ИГРЫ С МИНУВШИМ Гл. 3 Поиск иного неба

Из дневника в 15 лет.

«Очень долго не открывала дневник. Писать не о чем, все дни похожи на тихую поверхность озера без единого всплеска. Скука. И только природа уносит мои печали. Вот и сегодня днем небо светилось голубизной, не было ни облачка, а к вечеру они появились, и когда садилось солнце, то окрасились в бледно-розовый цвет с беловатой каймой по краям. На фоне голубого неба это смотрелось очень красиво! Наверное, никакой художник не сможет перенести такого на полотно.
... Приходил к нам учитель математики Иван Григорьевич и почти кричал маме: «Вы избаловали свою дочку!
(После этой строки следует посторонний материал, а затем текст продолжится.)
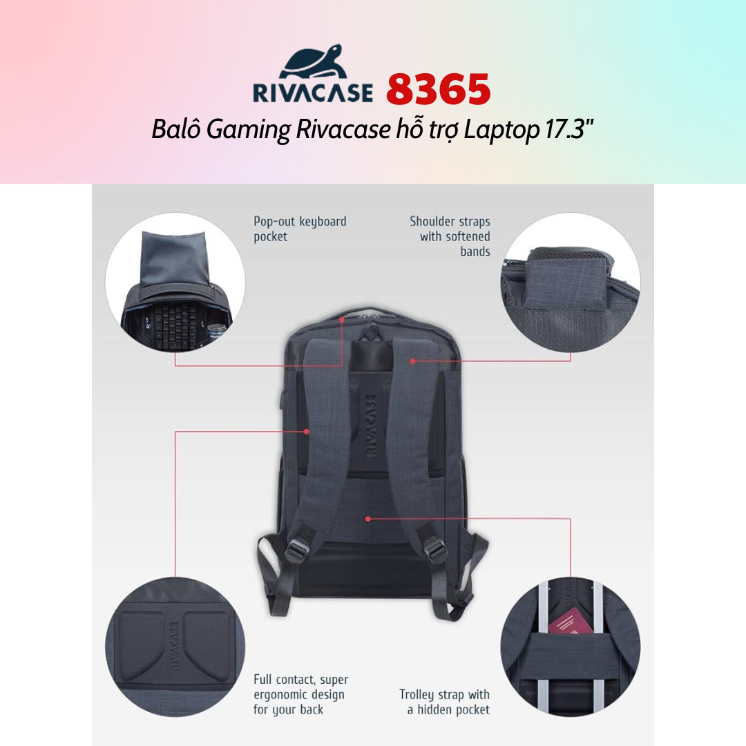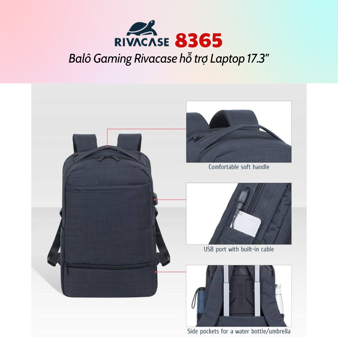 Rivacase 8365 được chú trọng từng chi tiết và đi kèm với một loạt các tính năng mang đến cho người dùng sự thoải mái và tiện lợi. Mặt bên ba lô được trang bị cổng USB dùng để cắm sạc pin các thiết bị di động trong khi di chuyển. Tay cầm, dây đeo vai êm, mềm mại, tạo cảm giác thoải mái cho người dùng trong suốt quá trình đeo và sử dụng. Thêm vào đó, mặt sau ba lô được thiết kế tiện dụng mang lại sự thông thoáng dễ chịu cùng với dây đeo hành lý xe đẩy giúp người dùng dễ dàng di chuyển.

Вы не заставляете ее трудиться!» Мама вначале молчала, а потом тихо сказала: «А вы хоть раз спросили мою избалованную дочку: сыта ли она? А вы знаете, что сегодня я разбудила её в пять утра, чтобы помогла мне наносить воды из колодца и полить огород?»
И он ничего не ответив, ушел».

Училась я плохо, и особенно весной, когда надо было помогать маме на парниках. А начинали их готовить для помидорной рассады уже в начале апреле, чтобы через месяц можно было её пикировать. Что такое пикировать? О, это очень просто: в парнике разложишь чуть окрепшие ростки в рядок и присыпаешь земелькой, разложишь и присыпаешь, разложишь… И так – сотни и сотни раз. Неделя-две этой пикировки давалась нам с мамой так, что в сумерки мы почти вползали в хату и утром трудно было встать, чтобы приготовить что-то поесть. Ну, а потом надо было рассаду вовремя поливать и понемногу, чтобы не заболела «черной ножкой», снимать рамы на день, накрывать ввечеру, а тут подходила пора и на огороде что-то посадить, посеять. До уроков ли было?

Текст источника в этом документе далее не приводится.